Universal Masking in Patient Care Areas

Please note: This information is not for distribution outside of Unity Health; we are using a private section of our external website to allow staff easy access to these materials offsite and after hours.

After careful reflection and in alignment with many of our hospital partners, we have decided to make a shift in our use of masks at Unity Health Toronto.

Staff and physicians who work in patient care areas and those who need to travel through a patient care area (for example support services (i.e. security, nutrition services) and corporate (i.e. those who need to walk through or to a patient area to get to their office) will be required to wear a procedure mask at all times in patient areas including common spaces (i.e. lobbies, hallways, elevators, etc.).
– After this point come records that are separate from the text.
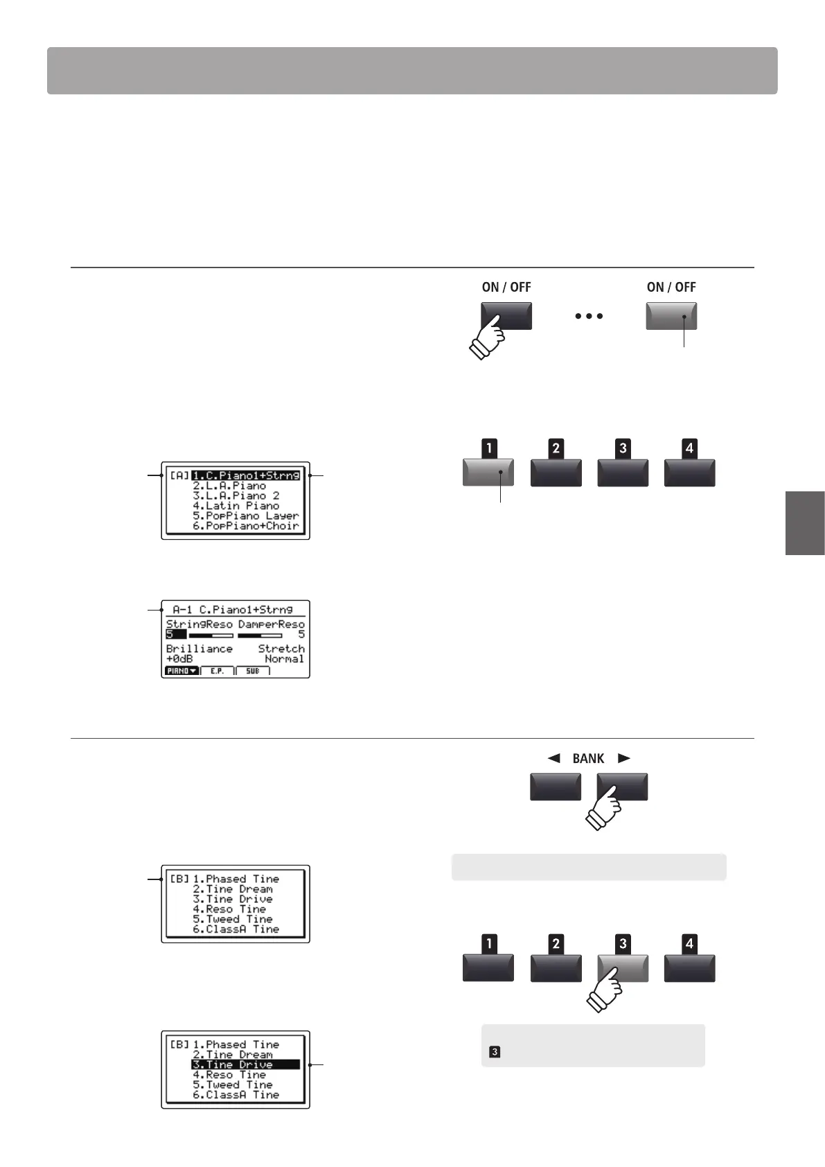 button. SETUPs are numbered 1~8, and arranged in 26 banks A~Z, allowing for a total of 208 individual memories.
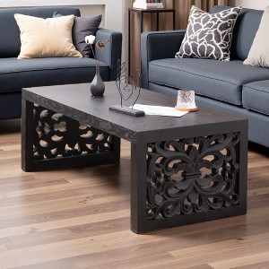 Description47.2" Solid Black Carved Wood Coffee Table ¨C Handcrafted Look with Ornate Side Panels
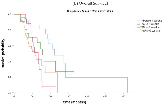 - Median OS was 66.3 months (95% CI: 39.1–93.4) vs. 39.4 months (95% CI: 31.8–47.0) in the <4 week vs. ≥4 week time interval NACT to IDS groups (p = 0.002)
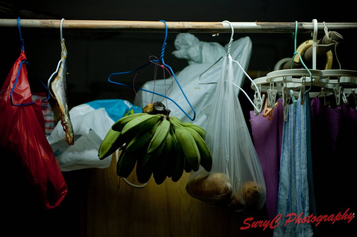 魚村居民一支竹枝就掛上香蕉,咸魚, 衫 等物品。好特別!
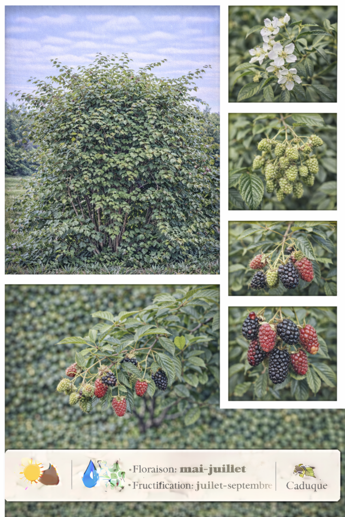 - Variétés cultivées : Thornless Evergreen, Black Satin, Chester, Loch Ness, Navaho, Triple Crown…

  • The prevalence of COVID-19 is increasing in the community.
  • Some staff or physicians may develop mild symptoms while at work, or may not recognize their symptoms and may come to work. By masking, we can reduce the risk of transmission to our vulnerable patient population, even if this happens.
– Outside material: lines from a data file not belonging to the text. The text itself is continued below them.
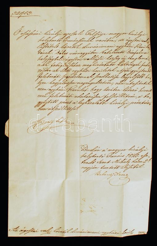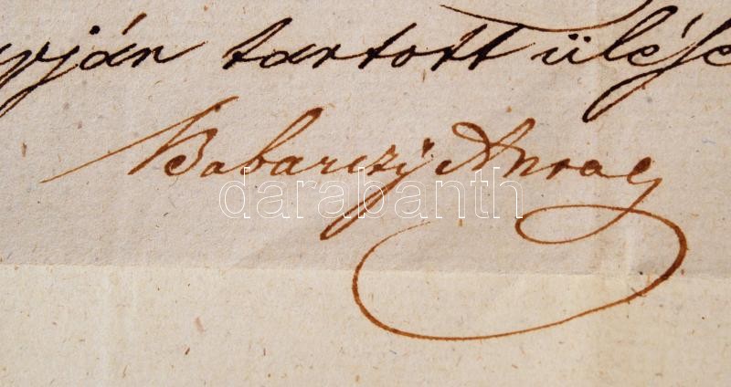 1843 Helytartótanácsi leirat a bánfalvi égostai templom felépítésének ügyében Szőgyény-Marich László (1806–1893) jogász, császári és királyi kamarás, MTA tagja és báró Babarczy Antal (1818-1881) saját kezű aláírásával. Papírfelzetes viaszpecséttel
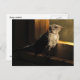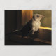 Cette carte postale nature d'art met en vedette la photographie d'un bébé oiseau gris qui a volé dans le garage et est très confus sur la façon de voler en arrière. Ici, il regarde par la fenêtre, se demandant si c'est la voie à suivre. La fin heureuse est qu'il a finalement volé hors de la porte du garage. Ses jolies plumes grises et noires sont éclairées par la lumière du soleil qui s'écoule, tout comme le rebord de la fenêtre en bois marron. Quel merveilleux cadeau pour un ornithologue !
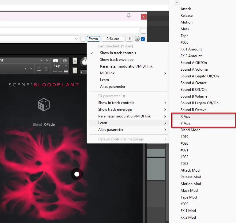 Die bessere Variante zum Speichern der Einstellung für das XY-Pad des gewählten Plugins ist das Mappen der Parameter direkt in der DAW über die Parameter. In meinem Fall ist das Reaper.
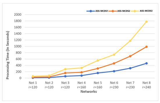 The average processing time of the ASS-MCDS with different values.
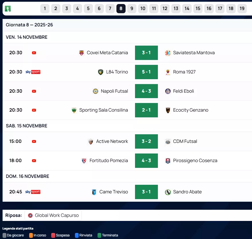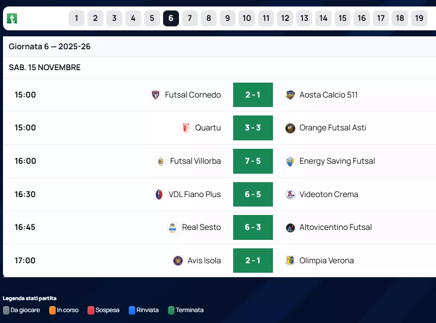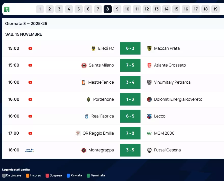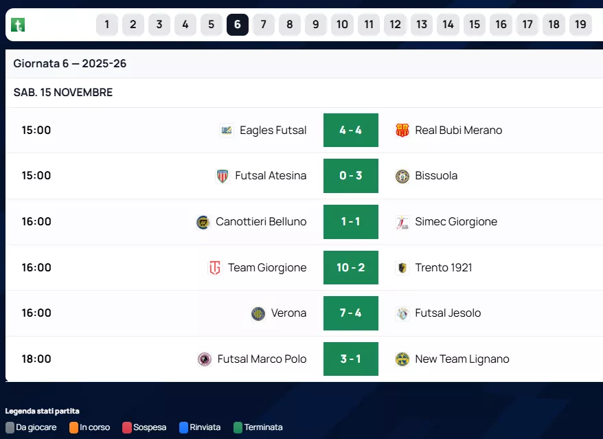 Di seguito RISULTATI & CLASSIFICHE & MARCATORI & ARBITRI al Triplice Fischio Finale delle squadre Venete di Futsal, nel Nazionale. Con le Designazioni Arbitrali dell'A.I.A.

For staff and physicians in patient care areas, the wearing of a procedure mask will be integrated into the entry screening:

  1. All staff will continue to perform hand hygiene when they enter the building and throughout their shift.​


  2. Prior to scanning their badge at entrance screening, staff will go through a self-assessment about specific symptoms. Anyone with symptoms will not be able to work their shift – these staff and physicians are required to call Occupational Health regarding next steps which may include COVID-19 testing if necessary, and will help manage directions to return to work.
    • St. Joseph’s – 416-530-6800
    • St. Michael’s – 416-864-5400
    • Providence – 416-285-3666, ext. 4386


  3. Staff and physicians who pass the screen and self-identity as working in a patient care area will be given two procedure masks.


  4. Please do not wear your mask home. No used PPE is to be taken home for any reason – please discard it appropriately at the end of your shift.


  5. Staff who work in our corporate areas should continue to practice social distancing and proper hand hygiene. If these staff members are required to work intermittently in patient care areas, they can ask for a mask when they enter the hospital and go through our entrance screening process.


  6. Masks being worn must always be in the correct position, covering your mouth and nose. Pulling masks down and letting them rest under your chin or pulling them up and resting on your forehead is unsafe and should never be done. If you don’t require your mask, it should be removed and stored safely (or discarded if it is soiled or damaged).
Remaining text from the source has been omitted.